Sommertage Getränkewirtschaft“ als Branchentreff etabliert

von Monika Busch

Die “Sommertage GetränkeWirtschaft“ sind als Branchentreff etabliert. Als “Who is who” der Branche könnte das dritte Zusammentreffen diesjährig in Leipzig (23. bis 25. August) bezeichnet werden. Rund 400 Entscheider aus Marketing, Verkauf, Vertrieb und Handel kommunizierten ?eifrig“. Das Motto ?Realität und Visionen im Getränkemarketing“ ließ viel Spielraum für Dialoge und auch durchaus kontroverse Diskussionen.

Immer wieder wird über Sinn und Zweck von Veranstaltungen und Seminaren in der Getränkebranche diskutiert. Neben einem nicht unerheblichen Kostenaufwand schlägt letztlich auch immer der Zeitfaktor zu Buche, denn: ?Time is Money” – auch in der Getränkebranche. Jedoch, eine hochkarätige Veranstaltung, wie die jetzige in Leipzig, veranstaltet von Rüdiger Ruoss und der Lebensmittel Zeitung (LZ), wird nach wie vor stark frequentiert.

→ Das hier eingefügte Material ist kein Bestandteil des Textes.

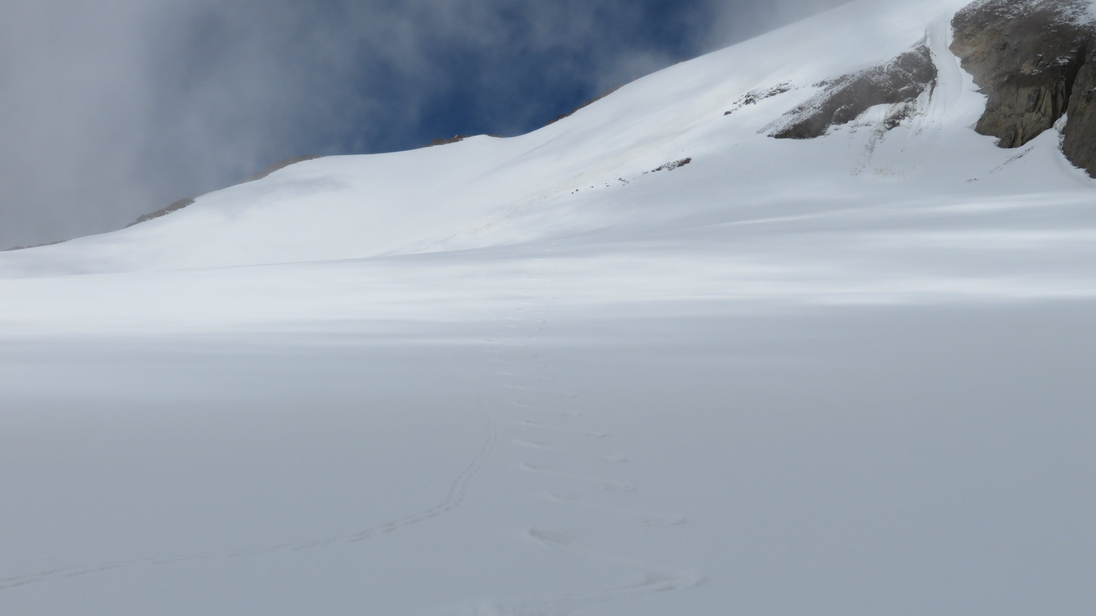 Gletscher noch gut eingeschneit und nur wenige Blankstellen

Und dieses zeigt auch die Struktur der Teilnehmer aus LEH, GFGH und Industrie. Über die Hälfte (53 Prozent) hatten Positionen in Vorstand und Geschäftsleitung inne beziehungsweise waren Inhaber. 31 Prozent kamen aus entscheidenden Positionen im Verkauf/Marketing. Zu 16 Prozent waren Key Accounts/Vertriebsleitung vertreten.

Das Programm sollte nicht nur den unternehmerischen Weitblick schärfen, sondern auch nachdenklich stimmen. Um beispielsweise für die eigene Strategie über den Tellerrand hinaus Hinweise und Ansätze zu finden, wie bei dem Thema “Wertevernichtung, Preisdumping und Wertschöpfung“. Hierzu formulierte Michael Schellenberger, Chefredakteur der LZ treffend: “Der Handel gibt ständig einen aus und niemand sagt Danke.”

Selbst Standing Ovations fehlten auf dieser Veranstaltung nicht. Bundesaußenminister a. D. Dr. Hans-Dietrich Genscher zog das Auditorium mit seinem Vortrag ?Die Wiedervereinigung. 10 Jahre danach.“ in seinen Bann. Fesselnd und humoristisch gab er einen Einblick hinter die “Polit-Kulissen“ und in das “Polit-Theater“.

Sichtlich gelöst und sehr engagiert referierte er über die Geschehnisse vor und nach der Wende und nutzte die Gelegenheit auch, um auf die jetzige Situation einzugehen. Hart kritisierte er die Bildungspolitik in Deutschland: “Wir haben die ältesten Abiturienten und die jüngsten Rentner. Mit dieser Struktur kann heute niemand mehr im internationalen Wettbewerb bestehen“ Auch ein Schmankerl fehlte in seinen Vortrag nicht. So erläuterte er beispielsweise sein Verständnis von “Diplomatie“. Jeder Außenminister habe in seinem Büro eine Weltkarte. Genscher selbst, habe seinerzeit jedoch darauf verzichtet und anstelle der Weltkarte einen Globus auf seinen Schreibtisch gestellt. Damit habe er sich jederzeit auf die Besuche der Außenminister einstellen können, indem er den Globus immer sichtbar auf das jeweilige Land eingestellt habe. So habe jeder Außenminister das Gefühl gehabt, dass sein Land wichtig sei. Günther Guder, geschäftsführender Vorstand des Bundesverbandes des Deutschen GFGH, mahnte in seiner Begrüßungsrede das viel strapazierte Thema “Partnerschaftliche Zusammenarbeit“, insbesondere in Bezug auf Preise und Konditionen, Gebindepolitik und Umstellung von D-Mark auf Euro“ an.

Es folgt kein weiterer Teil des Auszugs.